Libertarians in general believe that determinism and freedom are incompatible. Freedom requires some form of indeterminism. But the two-stage models of free will favored by modest libertarians also require determination of the action by the agent's motives and reasons, following deliberation and evaluation of the alternative possibilities for action provided by that indeterminism.
Critics of libertarianism (determinists and compatibilists) attack the view of radical libertarians that chance is the direct cause of actions. If an agent's decisions are not connected in any way with character and other personal properties, they rightly claim that the agent can hardly be held responsible for them.
Many determinists and compatibilists now accept the idea that there is real indeterminism in the universe. Conservative libertarians can agree with them that if indeterministic chance were the direct direct cause of our actions, that would not be freedom with responsibility.
But determinists and compatibilists might also agree that if chance is not a direct cause of our actions, it would do no harm to responsibility. In which case, conservative libertarians should be able to convince some determinists of their position. Galen Strawson agrees that conservative libertarianism is a "kind of freedom that is available" to us.
If chance is limited to providing real alternative possibilities to be considered by the adequately determined will, it provides an intelligible freedom and can explain both freedom and creativity.Modest libertarians can give the determinists, at least the compatibilists, the kind of freedom they say they want, one that provides an adequately determined will and actions for which we can take responsibility, actions that are up to us.
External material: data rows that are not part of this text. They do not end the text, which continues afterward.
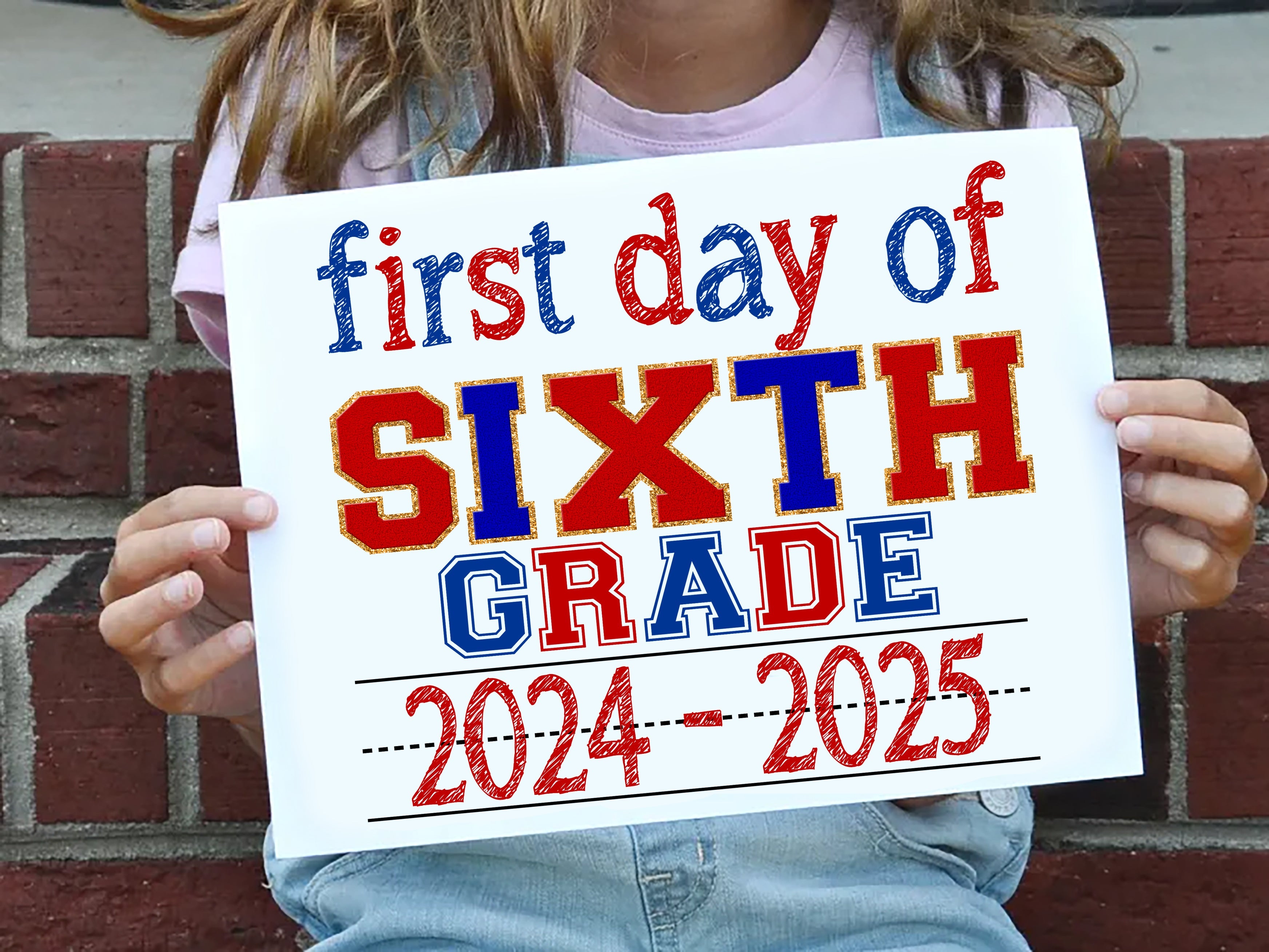Custom Listing - 6th & 7th Grade First Day of School Sign - SCHOOL0520REDBLUE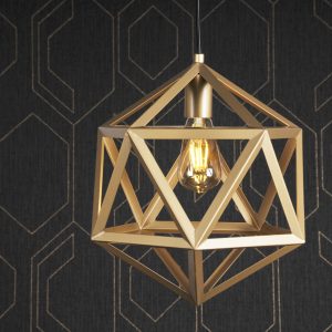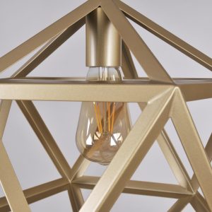DENMARK to nowoczesna lampa wisząca marki Sanico Goldlux, która łączy minimalistyczny design z geometryczną formą. Jej unikatowy klosz, wykonany z cienkiego złotego kątownika, tworzy przestrzenną figurę, eksponując źródło światła i nadając wnętrzu stylowego, industrialnego charakteru.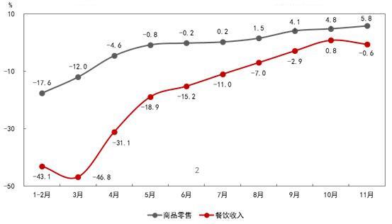 城鄉(xiāng)市場(chǎng)穩(wěn)定復(fù)蘇。11月份,城鎮(zhèn)和鄉(xiāng)村消費(fèi)品零售額同比分別增長(zhǎng)4.9%和5.6%,增速分別比10月份加快0.7和0.5個(gè)百分點(diǎn),城鄉(xiāng)市場(chǎng)銷售均連續(xù)四個(gè)月同比正增長(zhǎng)。11月份,鄉(xiāng)村消費(fèi)品零售額增速高于城鎮(zhèn)0.7個(gè)百分點(diǎn),鄉(xiāng)村市場(chǎng)恢復(fù)好于城鎮(zhèn)。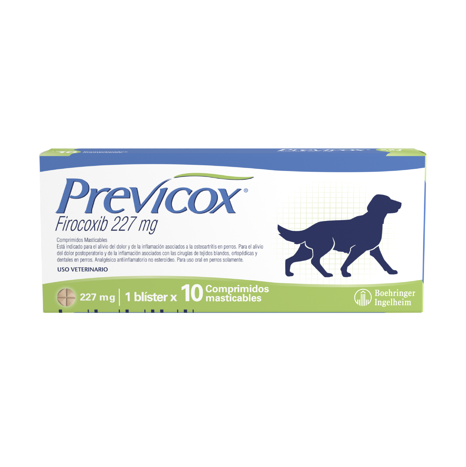 Previcox Dog L 227 mg es un antiinflamatorio no esteroide (AINE) de la familia de los coxib, formulado para perros de talla grande. Está diseñado para aliviar el dolor e inflamación asociados a la osteoartritis, displasia de cadera, artritis y también indicado en el manejo del dolor postoperatorio en cirugías ortopédicas o de tejidos blandos.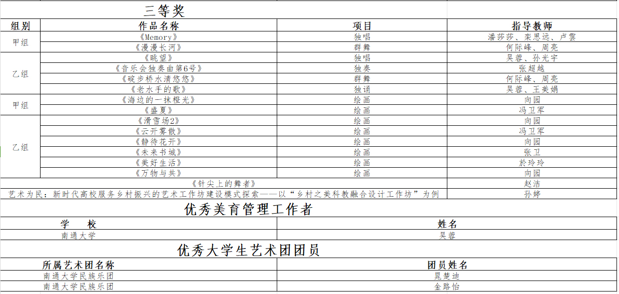 近日,江苏省第七届大学生艺术展演活动评选结果揭晓。beat365官网共有37件参赛作品获奖,其中3件作品获特等奖、10件作品获一等奖、8件作品获二等奖、16件作品获三等奖,获奖数创历史新高。此外,艺术学院吴蓉获评优秀美育管理工作者,beat365唯一官方网站民乐团晁楚迪、金路怡获评优秀艺术团成员。艺术作品《美好生活》、小合奏《Danse Macabre, Op.40 》将代表学校参与国赛角逐。备赛期间,校党委常委、副校长吉明明亲切慰问了参赛师生代表。
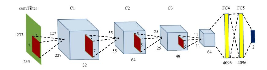 我们所采用的网络结构由 ConvFilter 层,3个卷积层组,2层 FC 层以及1个softmax 分类层组成,模型的输入是二进制的图片格式。其结构如下图2所示:我们的输入是一张233*233的 RGB 图像,用绿色方块表示;红色方块代表卷积核,靠近它的数字代表该卷积核的尺寸,左侧的红色方块代表一个7*7的卷积核;特征图则由阴影部分的长方体所示。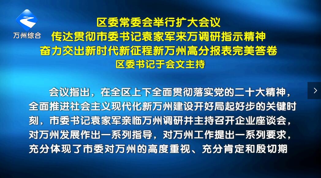 区委常委会举行扩大会议 传达贯彻市委书记袁家军来万调研指示精神 奋力交出新时代新征程新万州高分报表完美答卷 区委书记于会文主持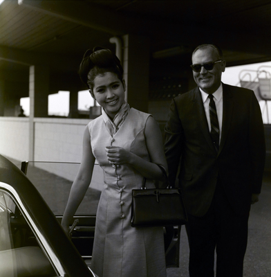 Apasra Hongsakula, Miss Universe 1965, stands by the open door of a vehicle during a visit to a JM Fields location.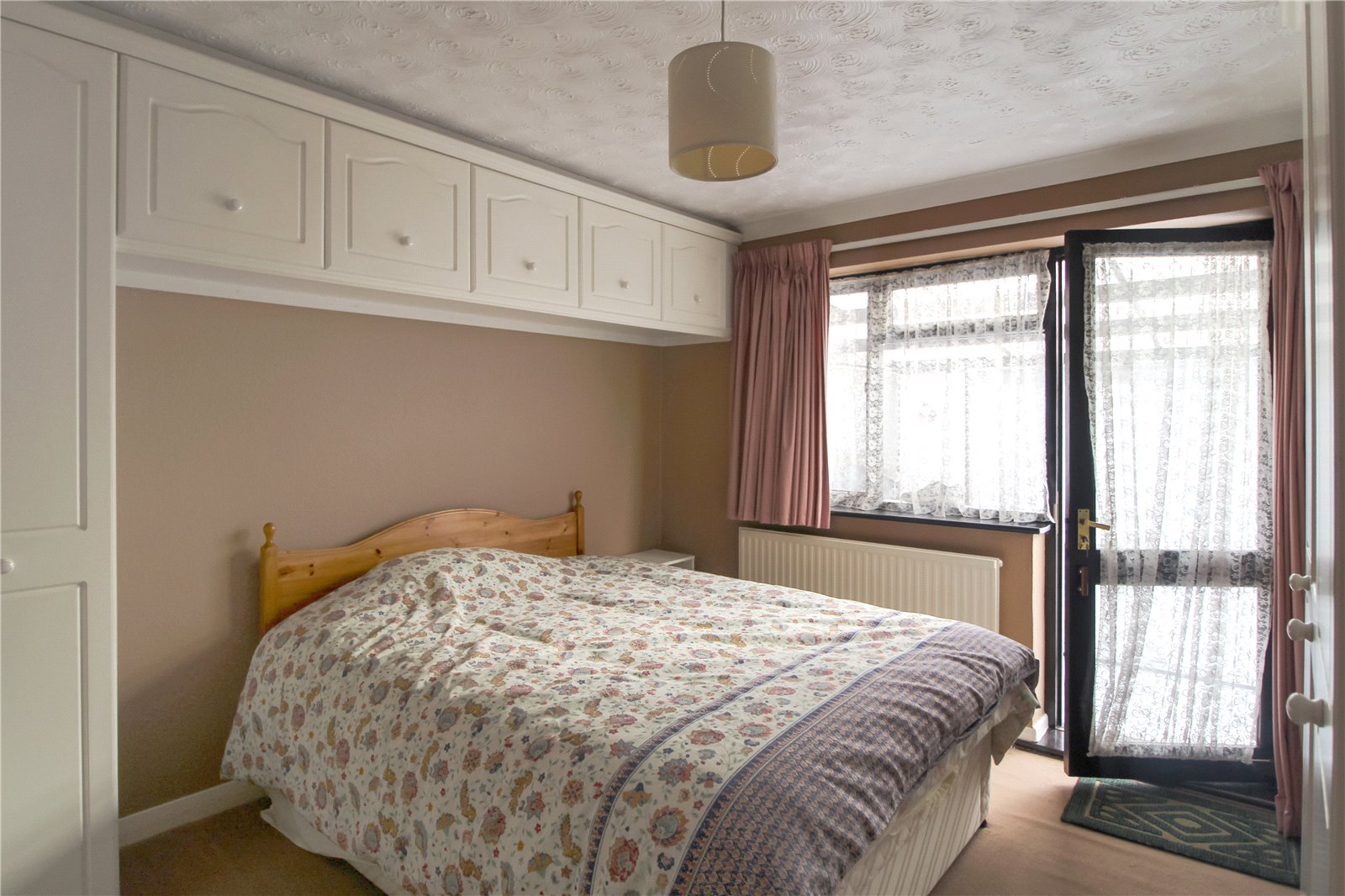 Double room with a range of fitted wardrobes, carpet to floor, ceiling light, double glazed window and double glazed door to rear.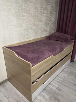 Деревянная детская кровать из чистого дерева.С вместительным ящиком для белья.

Even the current chief spokesman for libertarianism, Robert Kane admits that "radical" libertarian accounts of free will are unintelligible. No coherent idea can be provided for the role of indeterminism and chance, he says. But Kane insists that "something more" is needed beyond simple determination of our thoughts and actions by our desires and feelings, our character and values, and our motives and reasons. That something more is not just the adequate freedom, but the creativity that comes with a two-stage model of free will. For Teachers
References:
Dennett, D. C. (1978). Brainstorms : philosophical essays on mind and psychology. Montgomery, Vt., Bradford Books. (see "Giving the Libertarians What They Say They Want.")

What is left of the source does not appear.